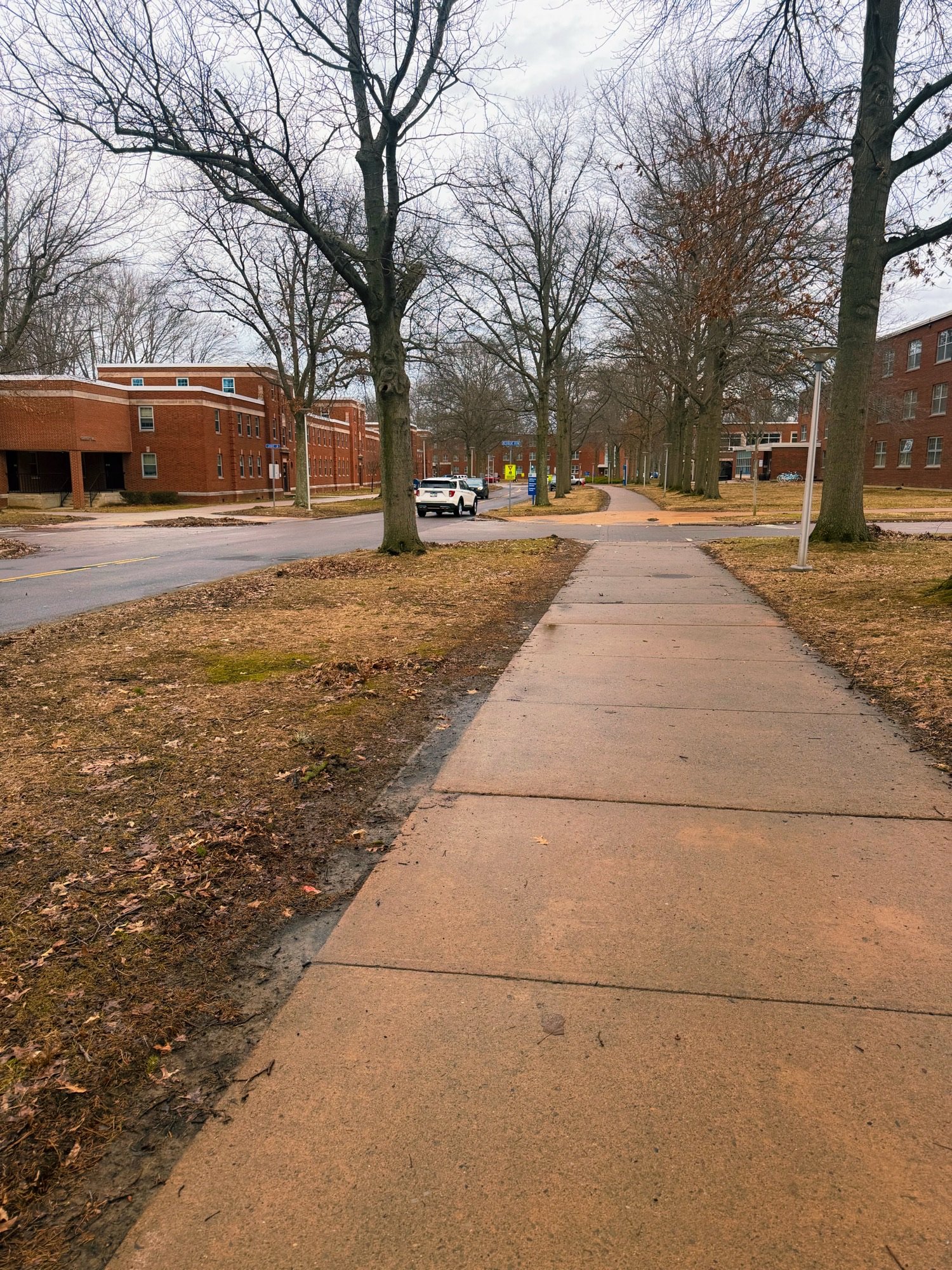 Sundays on campus always feel different, and this photo captures that quiet energy perfectly. The sidewalk stretches forward between bare trees, creating a calm and…
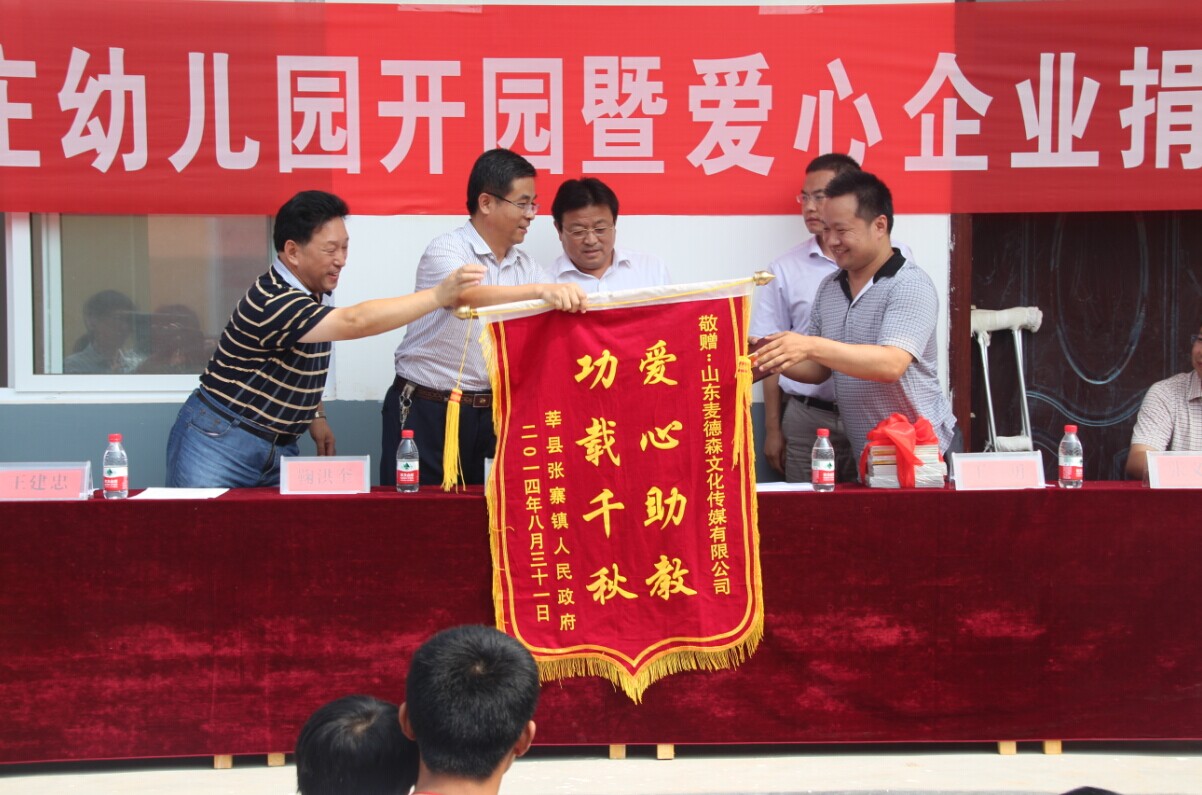 在開(kāi)園儀式上,公司董事長(zhǎng)王勇向尚莊幼兒園的孩子們捐贈(zèng)了價(jià)值2萬(wàn)余元的精美的兒童圖書(shū)及文具。董事長(zhǎng)王勇在捐贈(zèng)儀式上表示,山東麥德森文化傳媒有限公司是一個(gè)有著強(qiáng)烈社會(huì)責(zé)任感的企業(yè),這次捐贈(zèng)活動(dòng)希望能給學(xué)校的幼兒教育事業(yè)盡些綿薄之力,“希望這些精美的圖書(shū)和玩具能夠?qū)⒆觽兊某砷L(zhǎng)有所幫助”。
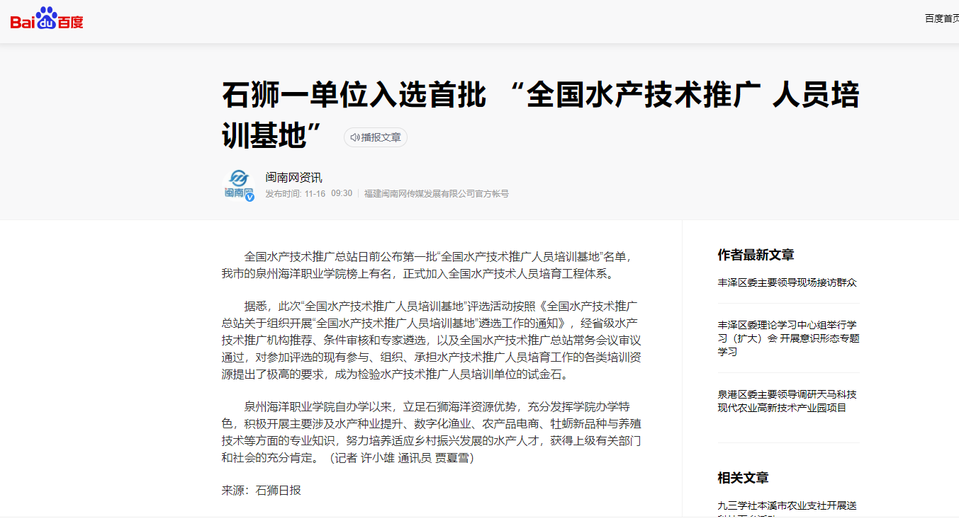 【百度新闻】石狮一单位入选首批 “全国水产技术推广人员培训基地”
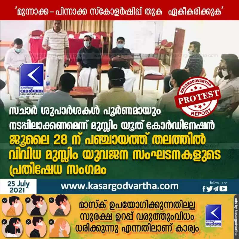 കാസര്കോട്: (www.kasargodvartha.com 25.07.2021) സചാര് കമീഷന് ശുപാര്ശകള് വെള്ളം ചേര്ക്കാതെ പൂര്ണമായും നടപ്പിലാക്കണമെന്ന് മുസ്ലിം യൂത് കോര്ഡിനേഷന് ജില്ലാ കമിറ്റി യോഗം ആവശ്യപ്പെട്ടു. ശുപാര്ശകള് നടപ്പിലാക്കാന് പ്രത്യേക ബോര്ഡ് രൂപീകരിക്കുക, മുന്നാക്ക - പിന്നാക്ക സ്കോളര്ഷിപ്പ് തുക ഏകീകരിക്കുക, സര്കാര് സെര്വീസില് ജനസംഖ്യ ആനുപാതിക പ്രാതിനിധ്യം നല്കുക തുടങ്ങിയ ആവശ്യങ്ങളുന്നയിച്ച് വിവിധ മുസ്ലിം യുവജന സംഘടനകളുടെ നേതൃത്യത്തില് ജൂലൈ 28 ന് പഞ്ചായത്ത് തലത്തില് പ്രതിഷേധ സംഗമം സംഘടിപ്പിക്കും
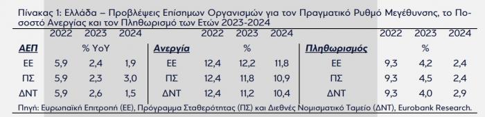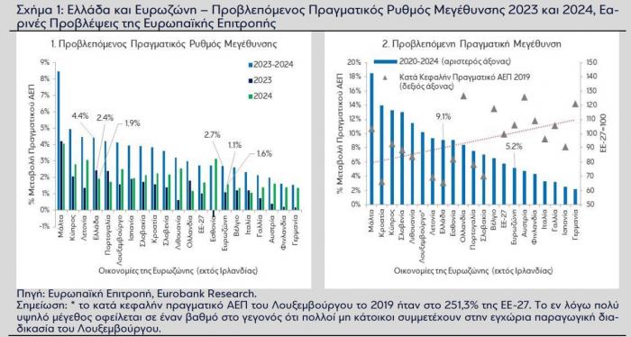 Όπως σημειώνουν οι αναλυτές της τράπεζας σύμφωνα με τις εαρινές προβλέψεις της Ευρωπαϊκής Επιτροπής (ΕΕπ), ο ετήσιος πραγματικός ρυθμός μεγέθυνσης της ελληνικής οικονομίας, δηλαδή η ετήσια ποσοστιαία μεταβολή του πραγματικού ΑΕΠ, αναμένεται να διαμορφωθεί στο 2,4% και στο 1,9% το 2023 και το 2024 αντίστοιχα (μέσος όρος 2,2% έναντι 1,3% στην Ευρωζώνη), από 5,9% το 2022.
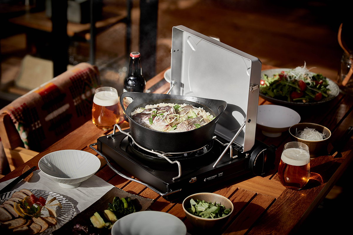 產品設計卓越,是一款室內戶外均可使用的便攜爐。頂蓋和防風圈雙重防風設計,282個火焰口確保超強火力。親朋好友相約戶外野營也可輕松使用,可使用率高的人氣產品!黑色和銀色2色可選。
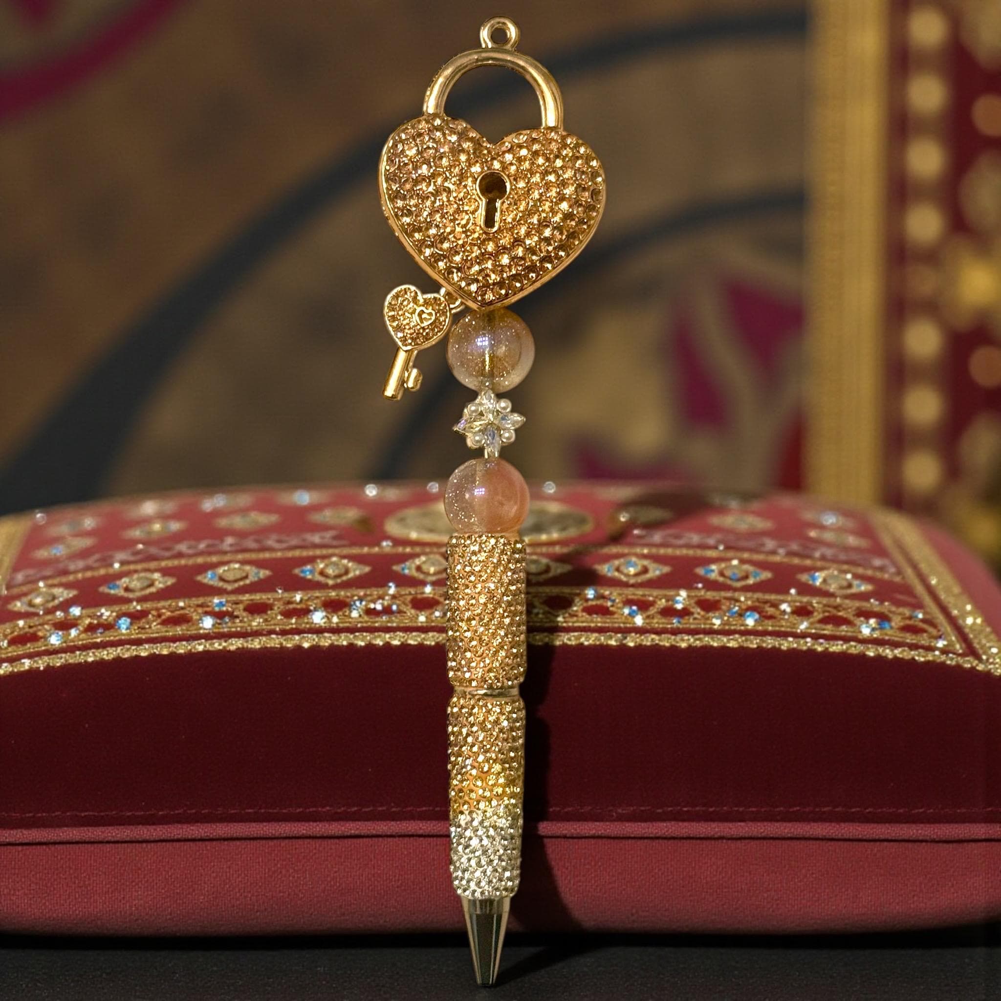 Unlock Your Imagination with the Key to My Heart Golden Rhinestone Pen
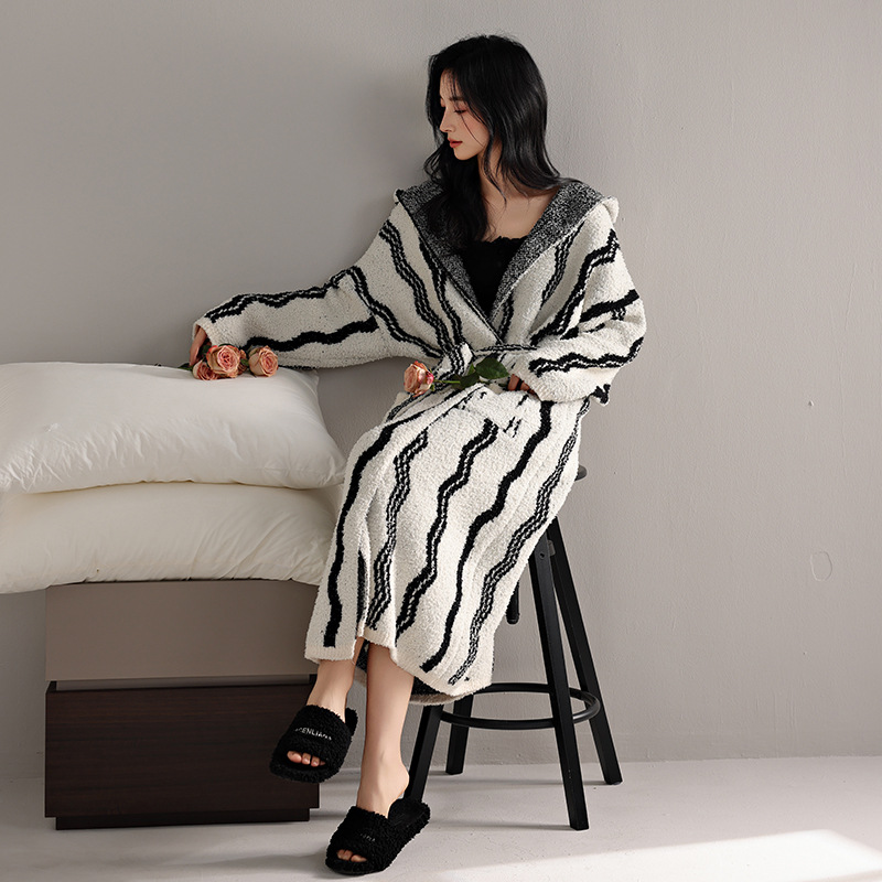 软绵绵半边绒睡衣秋冬女士睡袍长款加厚连帽家居服浴袍珊瑚绒
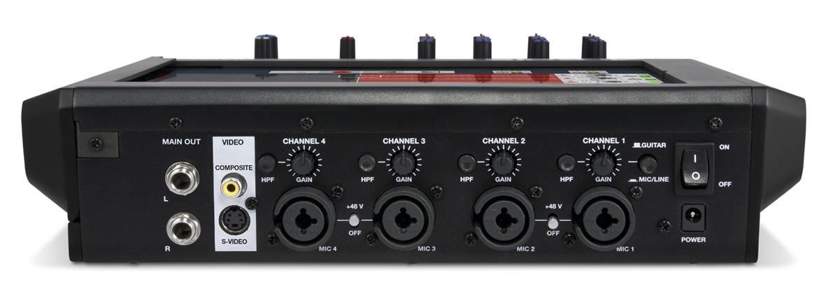 Ports include four XLR-1/4" inputs with optional 48V phantom power for studio condenser microphones – while channel one is also switchable to guitar-direct input – as well as two 1/4" TRS balanced outputs, a 1/4" TRS stereo headphone socket, and an RCA composite video output. The iPad itself slides into a dock section and is locked in place for stability; it's recharged by the same power supply that's keeping the iO Mix running.

### [THE TASK]
Retype exactly, please, the span from the line holding "Unlock Your Imagination" through the closing line of the data, both ends included, without the pictures.

### [RESPONSE AREA]
 Unlock Your Imagination with the Key to My Heart Golden Rhinestone Pen
 软绵绵半边绒睡衣秋冬女士睡袍长款加厚连帽家居服浴袍珊瑚绒
 Ports include four XLR-1/4" inputs with optional 48V phantom power for studio condenser microphones – while channel one is also switchable to guitar-direct input – as well as two 1/4" TRS balanced outputs, a 1/4" TRS stereo headphone socket, and an RCA composite video output. The iPad itself slides into a dock section and is locked in place for stability; it's recharged by the same power supply that's keeping the iO Mix running.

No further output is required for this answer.